People will very rapidly spit into a cup and send it to 23andMe and get really interesting data about their background…  And guess what? Their DNA is now owned by a private company. It can be sold off with very little intellectual property protection or privacy protection and we don’t have legal and regulatory regimes to deal with that.

It’s important to note that Ancestry was sold to Blackstone Group, a private equity investment firm and the world’s largest landlord for $4.7 billion in December 2020. The acquisition raised concerns that Blackstone could use the Ancestry DNA database to discriminate against potential tenants based on race, religion, and other categories, though company representatives have denied the accusations.

Surveillance capitalism has thrived as people voluntarily hand over their most intimate details to unscrupulous companies looking to make a profit. Sadly, it’s unknown how many people have been duped into forking over their DNA to Ancestry and other companies believing it would never not be shared, sold, or stolen. Connecting people to their past and helping them understand their genetic makeup through DNA are noble services that could turn into a nightmare if that information is placed in the wrong hands.

Activist Post Recommended Book: The Age of Surveillance Capitalism

With the advent of “precision medicine” and the on-demand drug manufacturing industry, representative Crow’s warning about DNA takes on even stronger meaning. When major corporations like Blackstone and Google have access to DNA and personal health records it further cements the idea that a biomedical security state is being built right before our eyes.

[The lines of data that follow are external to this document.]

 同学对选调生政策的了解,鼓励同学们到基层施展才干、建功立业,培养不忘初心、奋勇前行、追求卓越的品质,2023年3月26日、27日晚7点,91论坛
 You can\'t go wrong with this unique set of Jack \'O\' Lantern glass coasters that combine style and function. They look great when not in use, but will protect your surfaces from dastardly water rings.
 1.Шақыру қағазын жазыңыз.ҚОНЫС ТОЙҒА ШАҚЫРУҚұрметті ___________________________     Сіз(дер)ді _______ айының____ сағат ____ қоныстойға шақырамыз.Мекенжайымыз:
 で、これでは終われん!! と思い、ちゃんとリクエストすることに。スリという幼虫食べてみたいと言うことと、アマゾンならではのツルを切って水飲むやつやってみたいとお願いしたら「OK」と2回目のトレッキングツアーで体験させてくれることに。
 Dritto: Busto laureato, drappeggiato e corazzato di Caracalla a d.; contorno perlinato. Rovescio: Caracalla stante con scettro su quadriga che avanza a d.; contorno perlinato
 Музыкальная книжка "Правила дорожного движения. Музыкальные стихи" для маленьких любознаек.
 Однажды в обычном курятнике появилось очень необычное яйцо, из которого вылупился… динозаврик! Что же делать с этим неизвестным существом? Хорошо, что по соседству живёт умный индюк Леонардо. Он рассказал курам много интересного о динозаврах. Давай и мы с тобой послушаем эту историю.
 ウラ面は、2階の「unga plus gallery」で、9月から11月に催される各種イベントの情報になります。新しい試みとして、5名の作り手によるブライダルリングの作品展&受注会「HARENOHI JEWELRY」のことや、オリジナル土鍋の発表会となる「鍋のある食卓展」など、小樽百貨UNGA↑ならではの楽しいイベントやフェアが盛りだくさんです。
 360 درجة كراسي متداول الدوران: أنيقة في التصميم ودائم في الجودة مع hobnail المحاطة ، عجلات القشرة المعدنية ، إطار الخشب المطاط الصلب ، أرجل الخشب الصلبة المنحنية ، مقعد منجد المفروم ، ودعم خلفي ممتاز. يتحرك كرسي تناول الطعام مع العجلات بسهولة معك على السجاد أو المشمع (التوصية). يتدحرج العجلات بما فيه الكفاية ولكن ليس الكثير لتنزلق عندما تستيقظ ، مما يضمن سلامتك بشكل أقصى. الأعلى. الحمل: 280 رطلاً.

We are experiencing a real-life Jurassic Park scenario where instead of dinosaur DNA being traded and replicated, it is human DNA that is being bought and sold to the highest bidder.

Data and DNA harvesting is turning humans into exploitable and controllable assets. What’s even worse is that this is now occurring in many states from birth. With much of our DNA being stored in giant databases owned by multinational American and Chinese corporations, governments, militaries, and intelligence agencies have access to a pool of information that could target individual citizens for a plethora of reasons under the guise of improving public health.

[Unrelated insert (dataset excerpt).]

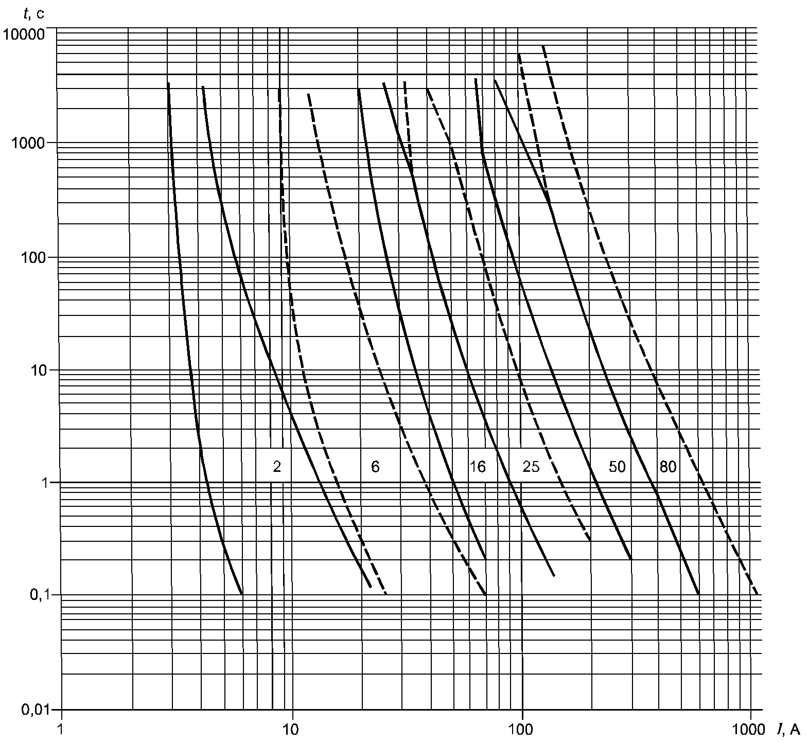 Рисунок А.1. Время-токовые зоны для плавкого предохранителя

The powers behind the budding biomedical security state want to know everything about us while hiding everything from us. Blowing the lid off of this high-stakes agenda has never been more important.

To protect against the threats raised by representative Crow and many others sounding the alarm, citizens should check consumer DNA services including Ancestry, 23andMe, MyHeritage, FamilyTreeDNA and GEDmatch for a policy that allows for the removal and destruction of DNA data, though the damage may already have been done. It may also be wise to obtain legal representation in the event of an illegal seizure of DNA data by police without consent.